#### [Work instruction]
Take from the entries below the stretch from the line with "Flexible Utility: The" through the line with "The snowmen are, matching", and return it exactly, leaving the pictures out.

#### [The input]
------------------------------------------------

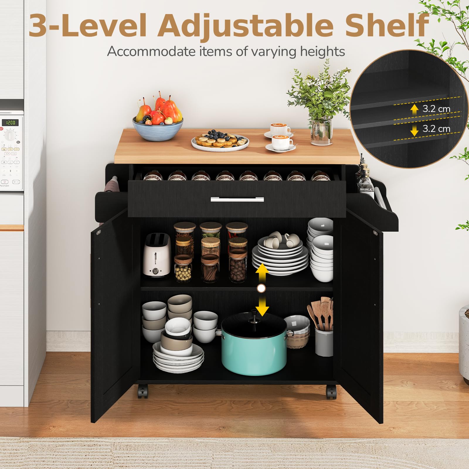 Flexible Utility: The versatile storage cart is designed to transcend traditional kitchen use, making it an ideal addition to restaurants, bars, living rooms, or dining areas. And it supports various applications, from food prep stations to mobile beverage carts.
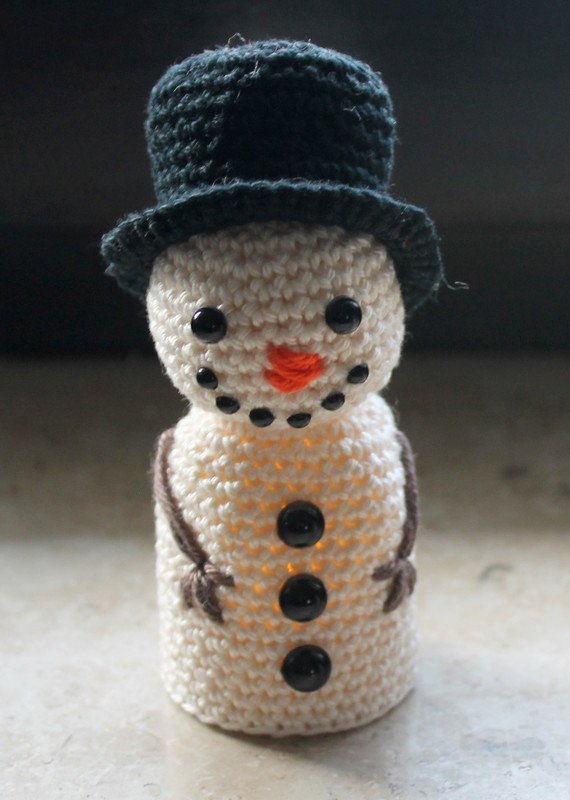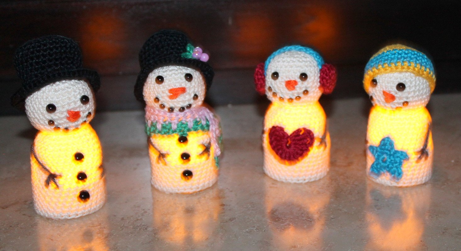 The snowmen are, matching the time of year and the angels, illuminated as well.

------------------------------------------------

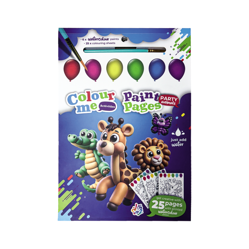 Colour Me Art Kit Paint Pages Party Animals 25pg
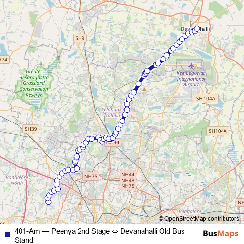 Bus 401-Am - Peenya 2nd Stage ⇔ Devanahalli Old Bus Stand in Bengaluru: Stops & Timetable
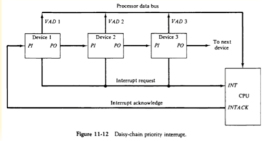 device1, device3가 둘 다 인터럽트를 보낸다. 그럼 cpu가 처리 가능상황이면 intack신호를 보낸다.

------------------------------------------------

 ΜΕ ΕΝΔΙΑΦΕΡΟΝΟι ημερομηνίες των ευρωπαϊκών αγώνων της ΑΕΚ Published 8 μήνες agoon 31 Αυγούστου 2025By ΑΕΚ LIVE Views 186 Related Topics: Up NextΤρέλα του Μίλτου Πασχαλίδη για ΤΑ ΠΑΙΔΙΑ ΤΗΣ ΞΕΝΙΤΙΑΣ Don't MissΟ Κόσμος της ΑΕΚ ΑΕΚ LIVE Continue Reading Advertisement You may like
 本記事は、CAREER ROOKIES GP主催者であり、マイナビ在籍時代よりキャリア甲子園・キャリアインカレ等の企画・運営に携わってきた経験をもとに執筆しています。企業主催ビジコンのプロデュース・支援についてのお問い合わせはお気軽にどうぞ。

------------------------------------------------

#### [Solved problem]
 Flexible Utility: The versatile storage cart is designed to transcend traditional kitchen use, making it an ideal addition to restaurants, bars, living rooms, or dining areas. And it supports various applications, from food prep stations to mobile beverage carts.
 The snowmen are, matching the time of year and the angels, illuminated as well.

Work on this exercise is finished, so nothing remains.